- WORKING DATA:

•••

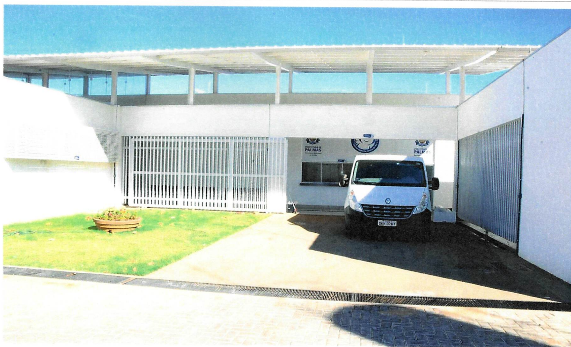
Dispõe de veículo tipo furgão refrigerado para uso exclusivo da CEMURF
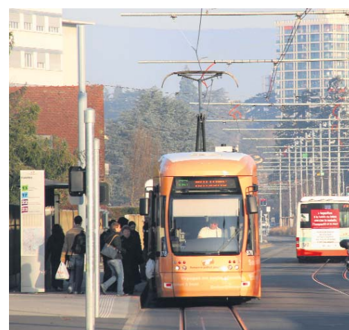
Arrêt tram Grand-Lancy.

Fidèle à son dynamisme et soucieuse d'offrir à ses habitants une cité moderne, agréable et ouverte, Lancy développe de grands projets d'avenir. A moins de 2 km du centre de Genève, entre les Ports Francs et le Stade de Genève, le site de Genève-La Praille offre un espace urbain exceptionnel. Ce sont 10 hectares qui seront bientôt aménagés en un pôle
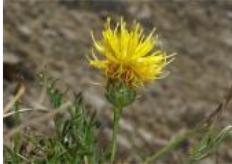
Skalni glavinec Centaurea rupestris
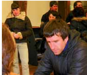
Etxarriarrak sinatzen. ERKUDEN RUIZ

lerri modura Europako estatu independente berri baten barnean sartzearekin ados al zaude? Nafarroako Gobernuak herri-galdeketa eragotzi eta Etxarri Aranatzko Udalaren erabakia bertan behera utzi nahi duela salatzeke gaur prentsaurreko jendetsua deitu da. Etxarriarrak bertan parte hartzea deitu dituzte udaletik eta ekimenetik.
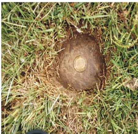
Figura 12 : RN_67, implantada pelo SGB, situada na localidade de Olhos D'água, entre a sede do município e a localidade de Tapera, na propriedade do Sr. Domingos.
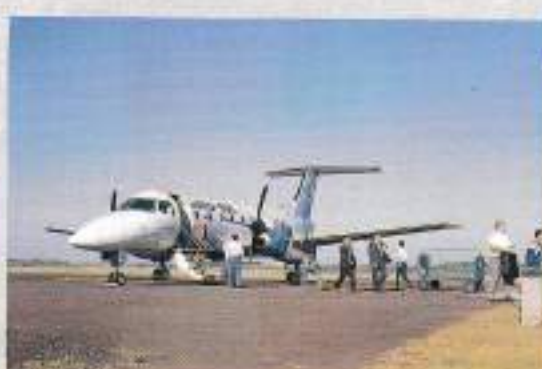
Aeroporto Sepé Tiarajú
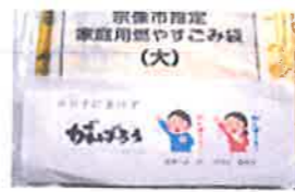
宗像市指定 家庭用お米(大)

十一月に引き続き第二回となる「コミュニティ役員・自治会長合同研修会」は、新型コロナの影響で、川北氏は東京から、市役所会場と各地区コミュニティのサテライト会場をつないで、Zoomによるオンライン研修となりました。 赤間西地区からの発表は、コミュニティ役員・自治会長合同研修会「子ども110番の家駆け込み訓練」 ①駆け込み訓練実施までの学校側・コミュニティ側の苦労や工夫 ②実施へ向けて感染予防等、入念な打合せ
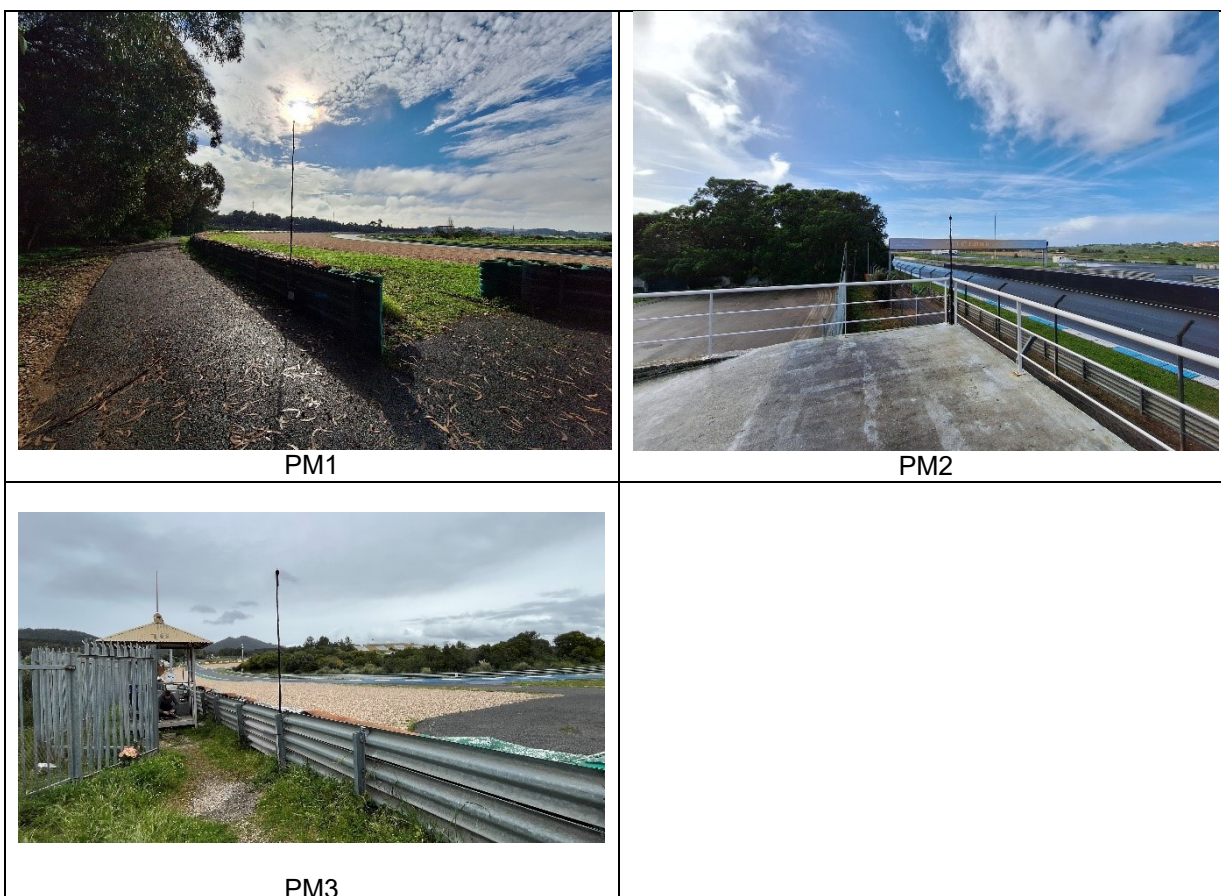
Figura 1 – Localização e fotos dos pontos de monitorização.

•••

- YOUR OBJECTIVE: Tally the lines above that include "Etxarriarrak"; give only the tally.

- ANSWER TO THIS EXERCISE: 2